The rules apply to residential houses, apartments, and child-occupied facilities such as schools and day-care centers that were built prior to 1978.  Excluded are housing built after 1978, housing for the elderly or disabled as long as children do not reside there, and “zero-bedroom” dwellings such as studio apartments or dormitories.

  1. Contractors, property managers, and others who perform renovations for compensation are required to comply with the EPA rules.  So, for example, a homeowner working on his or her own home would not be included.  On the other hand, an owner of a rental unit working on the rental unit would be required to comply with the regulations.  This is because, “the receipt of rent payments or salaries derived from rent payments [as in property management operations] is considered compensation under EPA’s lead program.”
  2. In general, any activity that disturbs paint in pre-1978 housing and child-occupied facilities is included.  This could include remodeling and repair/maintenance work, electrical, plumbing, painting, carpentry, or window replacement.  Exempted would be “minor repair and maintenance activities that disturb 6 square feet or less of paint per room inside, or 20 square feet or less on the exterior…”  Note that “minor maintenance” activities do not include window replacement.

The requirements of the rules cover three areas:  (a) education and notification, (b) training and certification, and (c) work practices

(a)     Prior to commencing renovation work, the EPA’s pamphlet, Renovate Right: Important Lead Hazard Information for Families must be distributed to occupants of the property or, in the case of child-occupied facilities, to the owner of the building or to an adult representative of the facility.  Informational signs must be posted describing the nature, location, and dates of the renovation.

(b)    Firms that perform applicable renovation must be certified and renovators must be trained.  A certified firm’s workers must be certified renovators or have been trained by certified renovators.  Certified firms must maintain records – for at least three years — in accordance with the rules Individual renovators must successfully complete an eight-hour training course by an accredited provider in order to become certified.

(c)    Work practices to be followed include rules for both interior and exterior renovation.  Generally, they address measures to contain dust and debris and to provide for its proper disposal.  Also, certain methods of paint and surface removal are prohibited.  The work-practice rules also address clean-up measures and record keeping. 

As noted above, home owners doing their own work do not have to follow the rules for those who perform renovation for compensation.  Additionally, a homeowner may contract with a renovator and, in writing, waive the requirements that the renovator comply with EPA rules, provided that no child under six resides at the property and there is no pregnant woman there.

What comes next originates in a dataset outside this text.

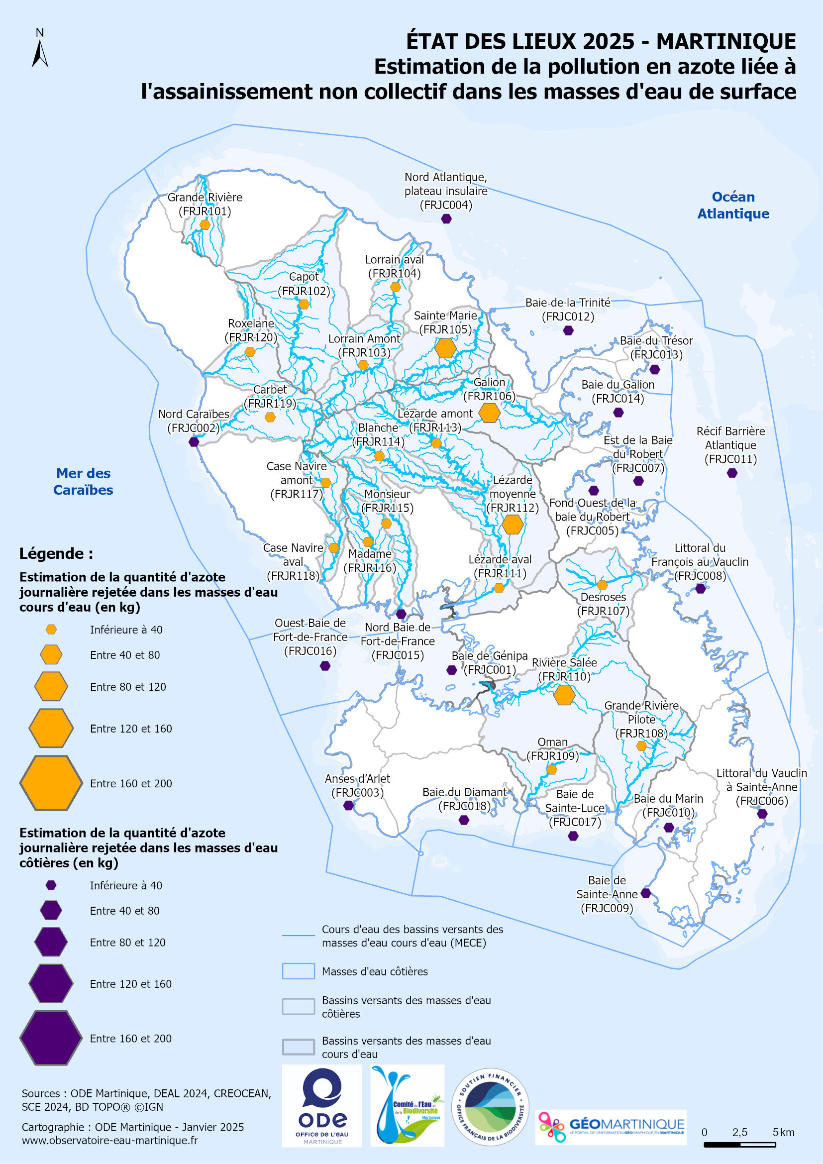 Thématiques : État des lieux 2025, assainissement non collectif, masses d’eau littorales, masses d’eau cours d’eau

In addition to exceptions for homeowners, there are also exceptions for work that has to be done as a result of emergency conditions.  An emergency renovation would be work “done in response to a sudden, unexpected event which, if not immediately attended to, presents a safety or public health hazard or threatens property with significant damage.”  Other than that, though, there is little wiggle room with regard to the EPA rules.  Violations can incur penalties up to $32,500 per day, per violation.  Probably not something anyone wants to fool around with.